In this guide you will learn the fundamentals of this particular trading style, its pros and cons, and the main options you have available.
Forex Auto trading definition
Simply stated, Forex Auto Trading is the use of computer programs that, through a series of preset rules, perform a trading strategy on a market (in this case the forex one) in a semi or fully automatic way.
Basically, with autotrading is not the trader deciding if, when and how to perform a particular currencies transaction, but everything (or almost) is executed by the computer program.
Reasons for the growing interest in Forex Autotrading
The rise of Forex (and also CFDs) is due to a very simple fact: the increasing lowering of the entry barriers related to the initial capital.
If years ago hundreds of thousands of dollars were necessary to invest in the forex market (reason why only banks and large funds were operating on it), today we can open a professional account to operate on Forex with a few hundred, if not a few tens, of dollars or euro.
However, despite the simplicity of access, the problem of the lack of experience on the markets and the total absence of strategies remained.
In other words, today we can open a forex account in a few minutes and with very little money, but the fact remains that operating in the financial markets is extremely difficult, and if we do not know how to do it professionally, we will be wiped out very soon.
This is why many users are increasingly looking for automatic trading systems that can lift them from having to operate directly on the market.
Pros and cons of Forex Autotrading
The problem of lack of knowledge and experience is not the only one when it comes to Forex trading.
The other major component is certainly psychology. Many successful traders say that psychology and mentality are the most important factors for the success of a trader, much more of the actual strategy used.
The reason is simple.
Trading is all about risk management, and risk means the possibility of loss. No matter how good you are, sometimes you will find yourself with some losing positions, and if you won’t be willing to close them, you may find yourself in serious trouble.
It may seem a small thing, but accepting and taking a loss is one of the hardest things, psychologically speaking, and is the first reason why many newbie traders are wiped out from the market.
Even closing winning positions often becomes difficult psychologically, because we have the tendency to be greedy.
Forex Auto Trading completely solve the “psychology” problem, since obviously the machines do not suffer from it.
On the other hand, however, every successful trader recognizes the fact that trading is also a matter of sensitivity, a human side that machines can never fully replicate.
Markets live violent moments at times, and it’s in such moments that the trader’s sensitivity would lead him to stop trading completely. A machine instead may not recognize the particular moment and could put the capital in serious risk by continuing to operate.

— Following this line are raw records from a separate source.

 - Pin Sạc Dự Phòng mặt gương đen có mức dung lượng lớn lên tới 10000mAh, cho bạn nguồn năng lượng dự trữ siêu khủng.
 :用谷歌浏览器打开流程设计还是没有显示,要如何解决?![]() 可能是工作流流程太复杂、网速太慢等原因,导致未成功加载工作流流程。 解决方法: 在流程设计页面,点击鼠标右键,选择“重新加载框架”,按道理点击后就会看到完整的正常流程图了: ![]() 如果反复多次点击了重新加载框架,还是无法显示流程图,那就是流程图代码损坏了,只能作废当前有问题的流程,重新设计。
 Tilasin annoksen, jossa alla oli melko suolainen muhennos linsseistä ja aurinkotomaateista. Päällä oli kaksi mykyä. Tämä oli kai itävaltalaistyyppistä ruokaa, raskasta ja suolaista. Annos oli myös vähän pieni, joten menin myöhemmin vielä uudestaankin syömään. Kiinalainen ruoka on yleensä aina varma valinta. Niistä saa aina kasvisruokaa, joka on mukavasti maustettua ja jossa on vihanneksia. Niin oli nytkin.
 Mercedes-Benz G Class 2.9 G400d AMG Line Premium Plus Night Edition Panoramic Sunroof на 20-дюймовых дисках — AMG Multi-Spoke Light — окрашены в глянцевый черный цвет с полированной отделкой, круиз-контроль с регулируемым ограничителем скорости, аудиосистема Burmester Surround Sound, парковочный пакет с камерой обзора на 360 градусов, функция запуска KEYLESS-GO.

There are successful traders who use only automated forex trading systems and programs. Even then, however, they need human sensitivity to be able to manage those systems, by making some work at certain times more than others, or being able to recognize when a system is no longer successful and when it should be replaced.
Essentially, forex auto trading is a great way to compensate the lack of strategy and psychology, but it can’t totally replace the human sensibility of the trader, a factor that remains crucial.

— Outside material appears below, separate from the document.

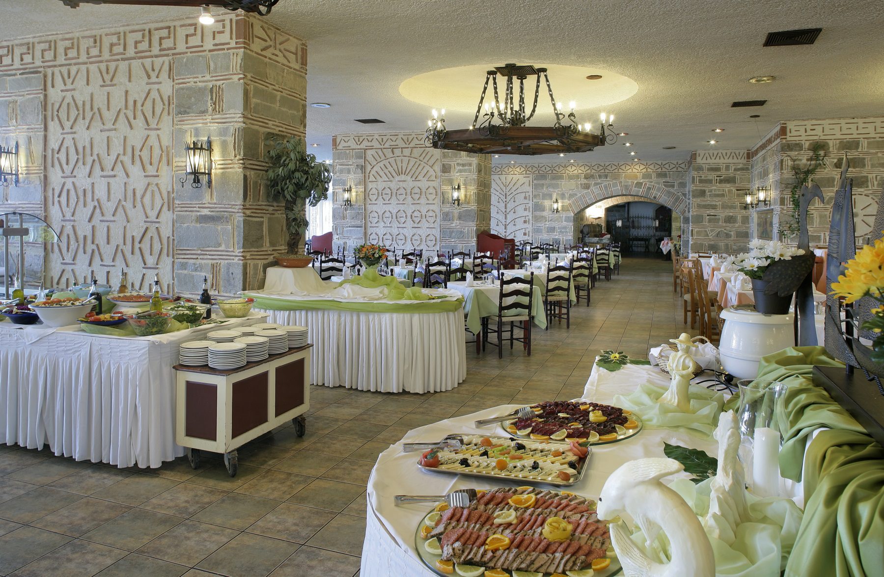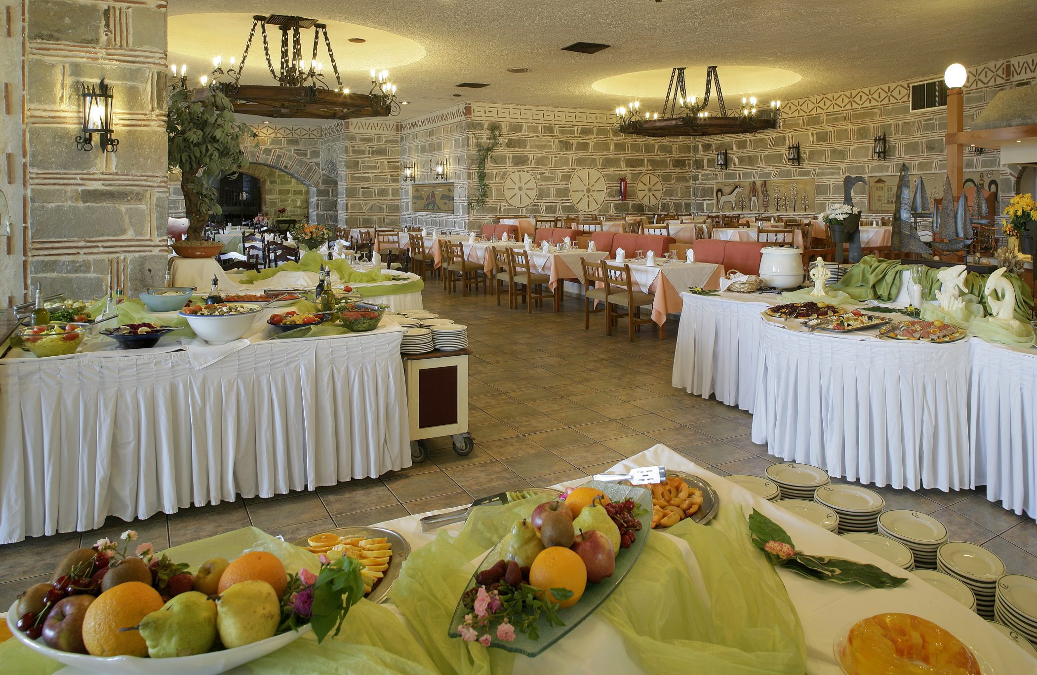 Хотелът Athos Palace Hotel разполага с 3 ресторанта - основен, италиански, ресторант self service и механа Akroyiali.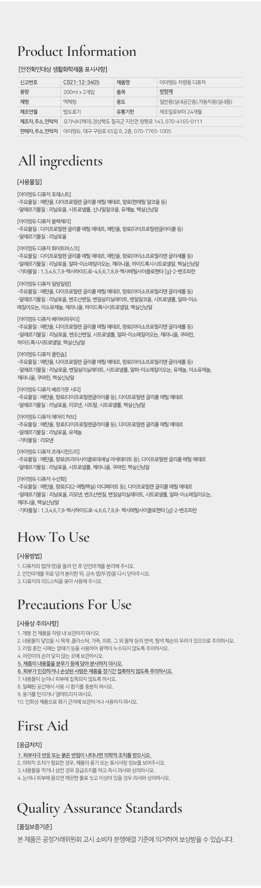 | 제조자, 수입품의 경우 수입자를 함께 표기 | 상세페이지참조 |

Major Forex Autotrading modality
Forex Autotrading, in the first place, can be classified according to the system automaticity degree.
In this sense we have:
- Fully automated trading systems, called Trading Machine or Trading Robot or Black Box Trading. In these systems, the end user must choose only certain parameters (such as the positions lot size, or the percentage of capital to be used in each one). All the rest then (when entering the market and how) is managed by the system, which works on the basis of computerized rules (also called algorithms) set and programmed by the programmer.

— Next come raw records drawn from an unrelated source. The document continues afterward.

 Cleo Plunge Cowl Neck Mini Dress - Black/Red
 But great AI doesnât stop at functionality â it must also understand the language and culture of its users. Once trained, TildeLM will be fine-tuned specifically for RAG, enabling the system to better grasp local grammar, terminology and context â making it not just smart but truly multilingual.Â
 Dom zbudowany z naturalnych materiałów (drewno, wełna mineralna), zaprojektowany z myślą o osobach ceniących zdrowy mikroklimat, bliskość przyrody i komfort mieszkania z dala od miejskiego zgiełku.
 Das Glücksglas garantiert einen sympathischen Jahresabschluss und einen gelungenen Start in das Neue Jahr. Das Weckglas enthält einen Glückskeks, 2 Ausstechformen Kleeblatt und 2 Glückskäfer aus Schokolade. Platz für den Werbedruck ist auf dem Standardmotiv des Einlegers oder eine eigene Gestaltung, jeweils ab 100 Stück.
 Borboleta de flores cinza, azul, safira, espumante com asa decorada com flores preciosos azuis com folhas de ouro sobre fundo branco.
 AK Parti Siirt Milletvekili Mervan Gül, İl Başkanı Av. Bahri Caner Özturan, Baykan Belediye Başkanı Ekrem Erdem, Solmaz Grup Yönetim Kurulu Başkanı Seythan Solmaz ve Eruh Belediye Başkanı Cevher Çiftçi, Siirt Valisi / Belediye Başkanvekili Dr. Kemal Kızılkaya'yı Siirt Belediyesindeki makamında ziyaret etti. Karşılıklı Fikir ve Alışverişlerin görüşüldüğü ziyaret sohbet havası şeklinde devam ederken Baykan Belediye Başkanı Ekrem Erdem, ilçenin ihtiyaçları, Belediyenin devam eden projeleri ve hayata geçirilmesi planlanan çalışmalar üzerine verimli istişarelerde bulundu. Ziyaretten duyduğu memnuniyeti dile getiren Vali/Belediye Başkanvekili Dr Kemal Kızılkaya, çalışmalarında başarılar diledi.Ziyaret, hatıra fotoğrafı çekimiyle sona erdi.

- Semi-automatic trading systems. In this case, the trading system is still monitoring the market, as in the previous version, but, in case of opportunity, it does not trade autonomously but it simply generates a signal alert with the related parameters. It will then be the user to enter the order and the parameters in his own trading platform.
The first system requires the user to directly use the program, therefore to have installed the trading system on his own trading platform (the most popular is the MetaTrader).
The second system can be utilized as the first one (directly on the user’s computer), or it can even be operated by a third party, who then sends the said signals to end-users. Essentially, users subscribe to a service through which they receive the trading signals through various communication options (email, feeds, etc).
To these two possibilities we must now add a new one, which in a sense is exactly half way between the two options.
- Copy Trading or Mirror Trading Systems (also called Social Trading systems). Social Trading connects traders that provide signals with traders who want to replicate them. In very simple terms, the Social Trading companies create an automatic communication system between the two parties, so that any trading operation executed by a trader can be automatically replicated on the operating account of another trader, without him having to monitor or confirm the operation.
The user, therefore, is in possession of a technical Social Trading platform, but he has no installed program generating signals, but he receives them from all the traders he decided to replicate.